Remember the Algonquian story of the Wendigo – the man who engaged in cannibalism and, as a result, turned into an eternally suffering flesh-craving beast? Skinwalkers are similar in that they are men (occasionally women) who undergo a monstrous transformation by way of a Untitled.jpgculturally forbidden act (in this case, intra-familial murder). (Granted, there are versions of the story in which Skinwalkers are simply Anakin-esque flock strayers who end up on the wrong side of the force, but I would assume that that’s equally frowned upon.) Whereas the Wendigos are forever damned to tormented lives of feral scavenging and desperate murder, Skinwalkers are powerful, deliberate and feared. Both legends, however, use the threat of once-human monstrosities to demonstrate the corruptive power of sin (“sin” meaning, in this case, culture-specific social malfeasance).

Lots of folks think that Skinwalkers are kind of like Florida’s Skunk Ape – culturally variant analogs of a familiar supernatural beasties – and regard them as Native American werewolves, but that’s totally not even close to right. Unlike werewolves, Skinwalkers transform at will, and can change into any animal of their choosing.
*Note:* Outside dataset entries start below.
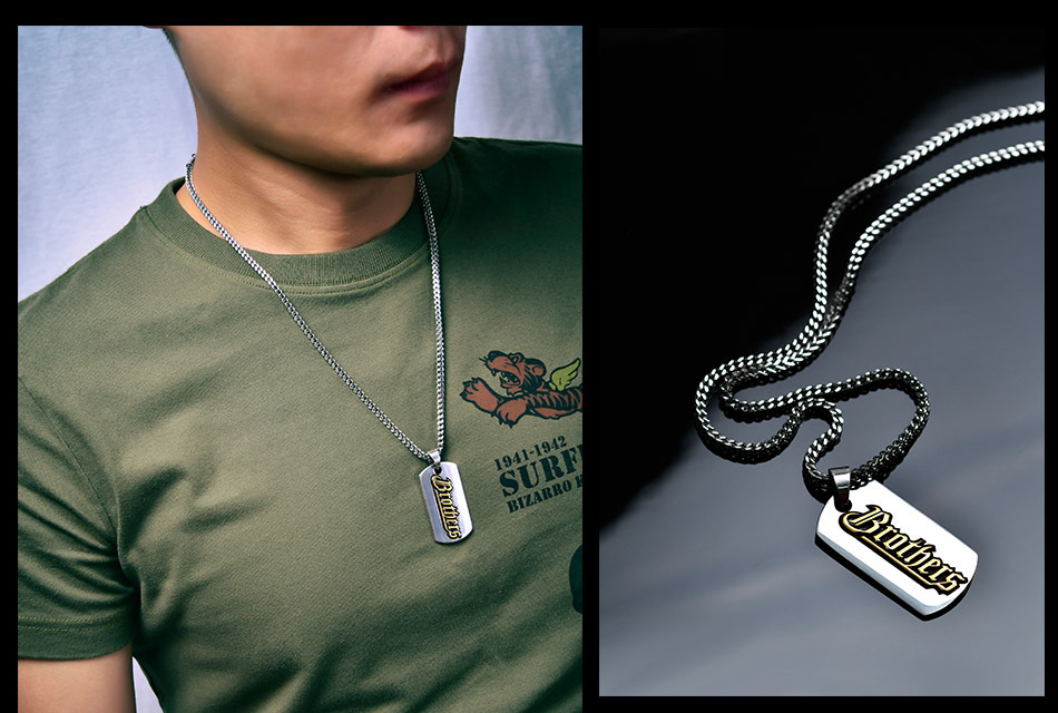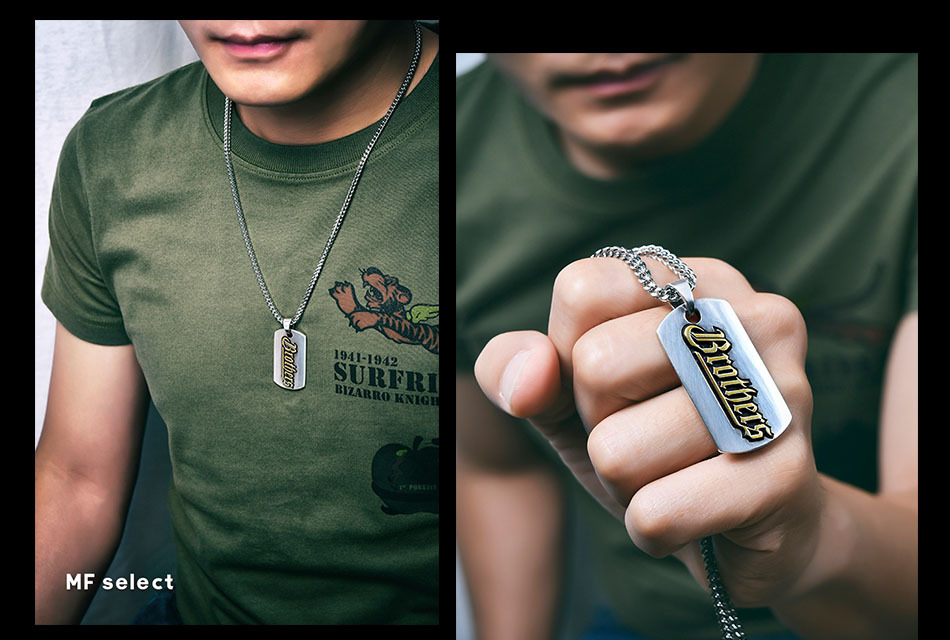 中信兄弟商品人氣推薦,中華職棒球隊-中信兄弟與MFselect聯名開發款,聯名美式領帶設計元素以中信兄弟猛象圖騰、Brothers文字,結合MF美式風格及古著工藝底蘊,精雕細琢量身訂作中信兄弟率性飾品,完整呈現粗曠及細膩兼具的精緻品味,展現兄弟項鍊在運動界的張力與時尚感。休閒、正裝都可搭配。美國流行穿搭金屬個性飾品。網路推薦人氣爆棚中信兄弟商品,男女皆可配戴,讓飾品襯托出不一樣的你。
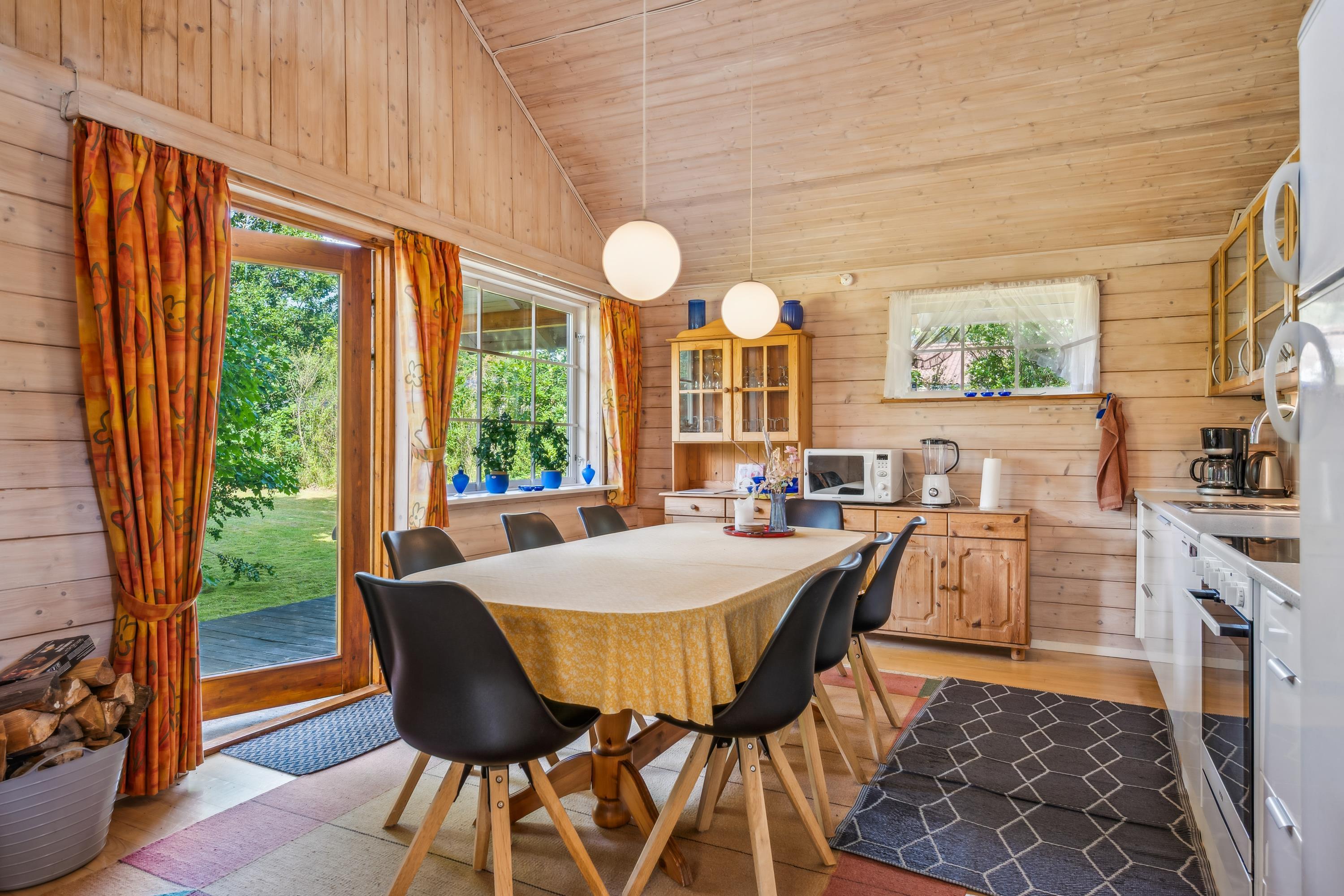 Flot bjælkehus tæt på børnevenlig strand
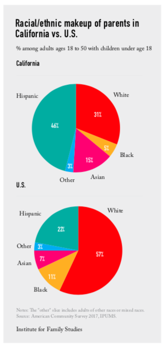 One factor that looms large in the state’s family story is California’s exceptionally diverse immigrant population. Immigrant families are more likely than native-born families to be intact; this is true for Asians above all. Compared with U.S. parents overall, California parents with children under age 18 are more likely to be Hispanic or Asian, and less likely to be white. The largest ethnic group in California is Hispanic, making up 46% of all parents ages 18 to 50. About 15% of parents in California are Asian, twice as many as the share among U.S. parents (7%). Only about 3 in 10 parents in California are white, compared with 57% in the nation.
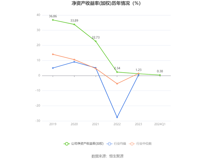 数据显示,2024年第一季度公司加权平均净资产收益率为0.38%,较上年同期下降0.72个百分点;公司2024年第一季度投入资本回报率为0.49%,较上年同期下降0.24个百分点。
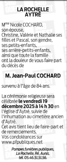 Décédé à Puilboreau (17138, France) le vendredi 12 décembre 2025 à l'âge de 84 ans
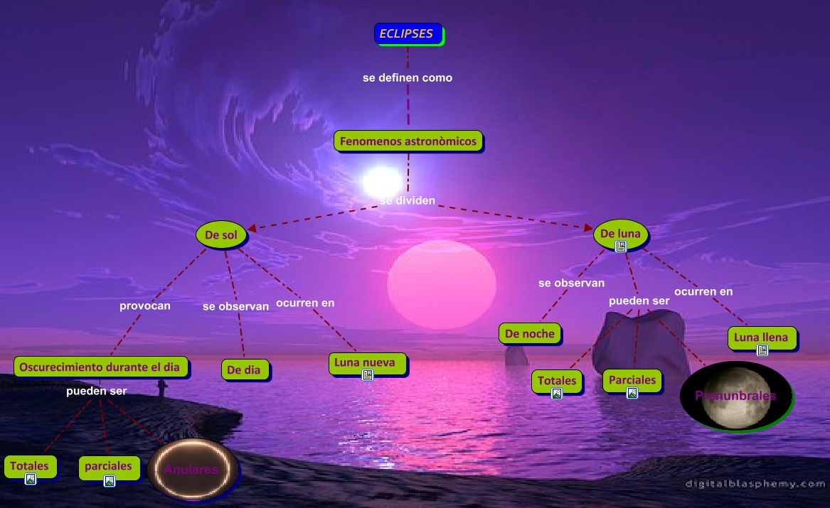 Este Cmap, tiene información relacionada con: MODULO2_RAMIREZZAVALETA.E, De sol ocurren en Luna nueva, ECLIPSES se definen como Fenomenos astronòmicos, Oscurecimiento durante el dia pueden ser Totales, De luna pueden ser Prenunbrales, Fenomenos astronòmicos se dividen De luna, Oscurecimiento durante el dia pueden ser Anulares, De luna pueden ser Parciales, Fenomenos astronòmicos se dividen De sol, De sol provocan Oscurecimiento durante el dia, Oscurecimiento durante el dia pueden ser parciales, De luna se observan De noche, De sol se observan De dia, De luna pueden ser Totales, De luna ocurren en Luna llena
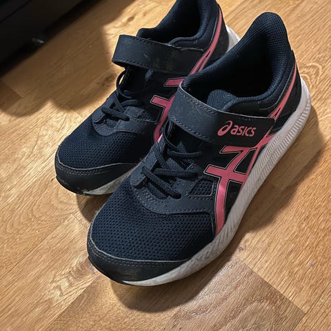 Modellen er unisex og har blå overdel med rosa detaljer og lisser. Skoene har syntetisk/tekstil overdel med pustende meshfelter og hvit såle i gummi/skum for demping og grep.
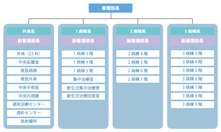 看護活動を円滑に行うため、病棟・外来系だけでなく他部門にも看護師を配置しています。
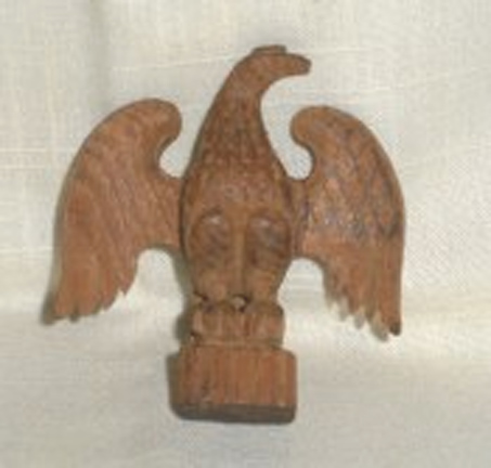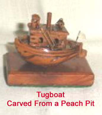 These are the eagles that were rejected! Click to Enlarge If that were not enough, Rick ends his note with this astounding piece of caring: "...Here is a photo (slightly blurred) of a boat (with a man on deck), carved from a peach pit. ..." Tugboat Carved From a Peach Pit Click to Enlarge I am sure that you will agree that this is an excellent Napoleonic Coach. It is just spectacular, although the coach has a "historically accurate" monogram for Napoleon ("N") on the door rather than the Fisher trademark "F". I don't think that distracts from the beauty of the coach or from its craftsmanship. (The judges at Fisher Body may have had another opinion...) On the other hand, we don't really authenticate these things -- I am just a guy who found an abandoned coach and got interested in the details. I suspect that this coach is "valuable" but I would not be able to put a dollar value on it. I am not a professional appraiser. That said, Rick's coach is very nice and deserves to be seen by the public. When he asked me about value, I said that the thing should be in a museum somewhere, and failing that, should be evaluated by a major auction house. (That would be my advice to anyone who writes in about values.) The debate about "scratch-built parts" was also joined by Skip who owns 28 coaches, and is in a position to know... He says: "... In my collection of 28 Fisher Body Craftsman's Guild models I have several that are 'scratch built' and no 'kit' parts were used. One of them is a 1932 FBCG national winner and the other is a 1934 FBCG national winner. Both coach models are not only completely scratch built but the trim work, especially the eagles, is far superior in craftsmanship than the hard parts supplied in the coach kits. The eagles on these two models are superb! "I have seen many other coach models that were also scratch built, and in most cases, the eagles and the trim pieces exceeded in detail the parts that were supplied in the coach kits. Among the items in my collection are two eagles that were cast by George Drummond, a 1932 national winner. These two eagles were spare eagles for his coach model. George hand carved a mold for his eagles (both left-hand and right-hand) and from that he poured a composition material into the molds to create a cast eagle. Both of these "cast" eagles are far superior, both in craftsmanship and in detail, to the cast pot metal eagles that were supplied in the coach kits. [My first photo] is a rear view of the 1932 national winning coach model built by Franz Ibisch showing the scratch built eagles and the "sea shells" on the roof...
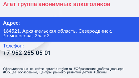 Агат, группа анонимных алкоголиков по адресу 164521, Архангельская область, Северодвинск, Ломоносова, 25а к2 в дальнейшем Организация, размещена в следующих категориях:

These transformations allow Skinwalkers to travel swiftly and easily elude capture. Their shapeshifting abilities even extend to their voices, which can mimic any animal or human sound, up to and including “Sky Pilot” by human band “The Animals.” They can read thoughts, and, in some versions of the legend, even project themselves, by way of a hypnotizing stare, into their victims’ bodies, which then become mere skins in which the monsters walk (though the name “Skinwalker” actually [boringly] comes from their proclivity toward animal skin attire). As acolytes of the Witchery Way (a form of Navajo magic centered on death and corpses), Skinwalkers can use enchanted bone dust to paralyze, or even kill, their chosen victims.

Mostly, though, Skinwalkers are scary because they are self-aware, they are clever and they are malicious. They are monsters because they chose to become monsters. This Navajo legend holds individuals accountable for bringing evil into the world; werewolves and all those other stories? The excuses of desperate children pointing their guilty fingers toward the darkness of caves and the mystery of nighttime forests.

Wednesday: The boys (and girls) who cried, “Skinwalker!”

Weird Things Book Club: Redneck Fireworks Massacre

Wednesday, January 27th, 2010

A list of recommended reading and viewing from Andrew Mayne, Brian Brushwood and Justin Robert Young as mentioned in the episode Redneck Fireworks Massacre.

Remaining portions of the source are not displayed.